Pairwise distance correlation (PDC)¶

from pyxla import pdc

corr, plot = pdc(sphere_sample)
corr

{'pdc_F': np.float64(0.4424863038086047),
 'pdc_f0-rank': np.float64(0.34639998516274456)}

../../_images/362e86ad72c2e7ae842dca684e0897b8ecbdde09500c649b82c0b268116c6d96.png

pyxla.pdc() shows that for the sphere function, there is low correlation between pairwise distance on the solution space and pairwise distance on the objective space. This shows that the sphere function is not monotonic.

corr, plot = pdc(deceptive_sample)
corr

{'pdc_F': np.float64(0.625330939163191),
 'pdc_f0-rank': np.float64(0.6639146001272278)}

../../_images/9f4f41e8eec23184c66d2434a369839727064331518e5f8e6d26c9e98c9e2c95.png

Similarly the deceptive function it not monotonic and appears more rugged that the sphere function.

Neighbouring solutions’ objective values (fitness) correlation (NFC)¶

from pyxla import nfc

corr, plot = nfc(sphere_sample)
corr

{'nfc_all_X_for_f0': np.float64(0.9971552257266543)}

../../_images/41384df60092b17bdeab40a0eec56be7b58688d8cfc70fba2b5b70b27e3bcd75.png

The constrained sphere problem is found to have high evolvability, evidenced by a high NFC value. This is expected, since the sphere function is one of the simplest continuous optimisation problems.

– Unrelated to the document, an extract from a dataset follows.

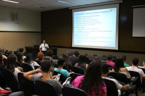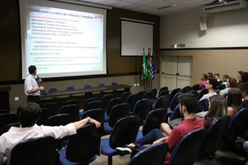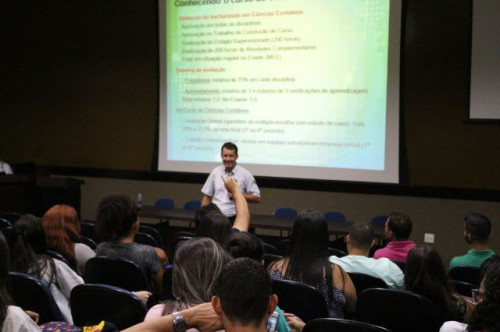 Palestra “Conhecendo o Curso de Ciências Contábeis” promovida no dia 05 de março de 2018, pelo coordenador do curso, aos alunos ingressantes.

corr, plot = nfc(deceptive_sample)
corr

{'nfc_all_X_for_f0': np.float64(0.9306122448979591)}

../../_images/c7e4cbd634b9486eba1d691fed7e1d5e9d0960849b366c1d4344a5a888c1eb67.png

The deceptive problem has a high NFC but a lower value that the sphere function as expected, since the sphere problem is an easier problem.

Neighbouring solutions’ ranks correlation (NRC)¶

pyxla.nrc() corroborates pyxla.nfc() since it is based on the objective ranks.

from pyxla import nrc

corr, plot = nrc(sphere_sample)
corr

{'NRC_for_f0_ranks': '0.9972'}

../../_images/a1891b4627bb115036cb942159a7231e05990b35bbe312e9eefd23c0eebbd626.png

corr, plot = nrc(deceptive_sample)
corr

{'NRC_for_f0_ranks': '0.9306'}

../../_images/5f338292b9967971fe67756bbf36fda79ed1b83ae41ac793b1c84efd5ea4a172.png

Dispersion of best solution (`disp_best`)¶

pyxla.disp_best() can tell if the problem has a global structure or whether it has many funnels.

from pyxla import disp_best

corr, plot = disp_best(sphere_sample)
corr

/builds/aliefooghe/pyxla-wg/src/pyxla/__init__.py:1403: RuntimeWarning: divide by zero encountered in log
  forward = lambda x: np.log(x / init_percentage) / np.log(growth_factor)

{'f0': np.float64(-2.33027833865432)}

../../_images/370bd7f485477f464118abc58d03e171b0746b0d48713d260baab96559e68b1a.png

corr, plot = disp_best(deceptive_sample)
corr

/builds/aliefooghe/pyxla-wg/src/pyxla/__init__.py:1403: RuntimeWarning: divide by zero encountered in log
  forward = lambda x: np.log(x / init_percentage) / np.log(growth_factor)

{'f0': np.float64(0.6570628896308044)}

../../_images/942afd430f92a7833e4b4844c2e587d1df2e01ca7ce1d70984115001e5937370.png

The sphere problem’s objective has a negative dispersion metric value which indicates the presence of a global structure, as expected. The deceptive problem, on the other hand, has a positive dispersion metric value, indicating the presence of funnels. The scatter plots visually express the dispersion, where for the constrained sphere problem, the spread of pairwise distances grows as the sample size of the best solution is increased. Conversely, for the deceptive problem, the gaps between the clusters of points for lower sample sizes show that indeed the best solutions are much further apart, accounting for the lack of a global structure.